Namun tidak di rumah Ade Hermansyah (26). Rumah mungil yang terletak di Kampung Areman, Tugu, Cimanggis, Depok, Jawa Barat ini sudah terlihat riuh. Sejumlah orang tampak hilir mudik, keluar masuk rumah yang dijepit gang sempit ini.
Raungan mesin gerinda terdengar dari ruangan kecil di samping rumah pemuda yang ramah ini. Tak hanya itu, dari ruangan ini juga terdengar suara benda keras yang dipotong dengan mesin.
Suara itu berasal dari dua mesin pengolah batu. “Mesin ini merupakan hasil modifikasi saya sendiri,” ujar pria yang biasa disapa Kolay ini kepada VIVAnews, Selasa, 25 November 2014.
Mesin pengolah batu akik.
Mesin pengolah batu ini tampak sederhana, hanya satu perangkat untuk memotong batu. Sementara mesin satunya berfungsi menggosok dan menghaluskan batu yang sudah dibentuk.
Dua mesin ini hanya ditopang meja kecil yang terbuat dari kayu setinggi setengah meter. Di atas mesin yang berfungsi menghaluskan, terpasang lampu bohlam yang terus menyala saat Kolay bekerja.
Dua selang berukuran kecil terus mengalirkan air ke nampan plastik yang ada di bawah dua mesin ini. Air itu berasal dari dua botol plastic bekas air mineral berukuran satu liter yang digantung dan menempel di dinding.
”Mesin pemotong ini saya rangkai dari mesin pompa air bekas,” ujar Kolay menjelaskan. Sementara, mesin gosok yang berfungsi menghaluskan berasal dari mesin gerinda.
Selain dua mesin pengolah batu, tampak etalase berukuran 2m x 30cm di ruang kerja Kolay. Sejumlah batu akik berjejer dalam etalase kaca. Selain itu tampak deretan emban (ring cincin) dan bongkahan batu.
Persis di depan etalase ada meja kecil dan bangku panjang yang berfungsi sebagai ruang tunggu pelanggan. “Saya sudah dua tahun menekuni profesi ini,” ujar Kolay.
Ia memutuskan menjadi perajin batu akik sejak batu mulia ini booming dan banyak diminati.
Kolay tertarik menekuni bisnis ini karena keuntungannya menggiurkan. Menurut dia, keuntungan menjadi perajin dan bisnis batu akik bisa mencapai 90 persen.
Kolay menangkap peluang booming batu akik dengan memberikan jasa pengolahan batu. Ia mengolah batu dari bongkahan hingga jadi batu akik siap pakai.
Jasa yang Kolay berikan mulai dari memotong, membentuk hingga memoles batu akik menjadi bagus dan menarik.
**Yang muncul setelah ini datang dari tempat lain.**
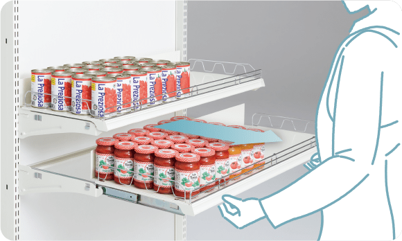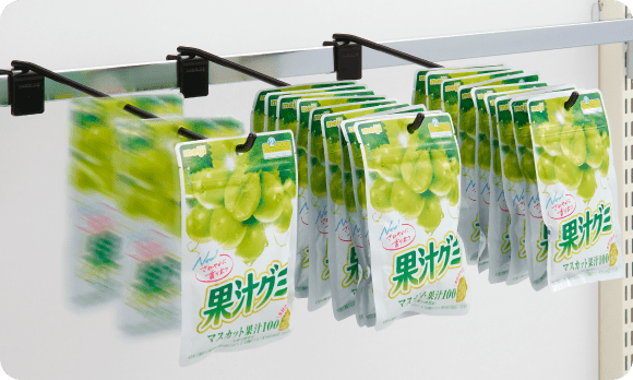 - スライド棚やスライドトレイなら、楽な姿勢で先入先出し・前出し作業が可能。棚の奥まで見えるので棚卸作業の時間短縮にもつながります。フックに角度が付いたフェイスアップフックは手前の商品を取ると奥の商品が自然に前へ滑り、前出し作業の負担軽減になります。

Tarif yang ia patok pun tak terlalu besar.
Untuk mengerjakan satu batu hingga menjadi akik dia hanya menarik ongkos Rp25 ribu. Harga itu untuk konsumen biasa. Kalau untuk pedagang dia hanya memasang tarif Rp20 ribu.
Selain memberikan jasa mengolah batu, Kolay juga menjual batu akik yang sudah jadi. Tak hanya itu. Ia juga menyediakan emban dan batu yang masih dalam bentuk bongkahan.
Dari jasa mengolah batu itu, Kolay bisa mengantongi uang Rp400 ribu dalam sehari. Jika ditambah keuntungan dari menjual batu dan emban bisa meraup Rp1 juta lebih dalam sehari.
“Modal awal saya membuka jasa pengolahan batu akik ini hanya Rp50 ribu,” ujarnya mengenang. Menurut dia, uang itu ia gunakan untuk membeli mesin pompa air bekas yang ia modifikasi menjadi mesin pemotong batu.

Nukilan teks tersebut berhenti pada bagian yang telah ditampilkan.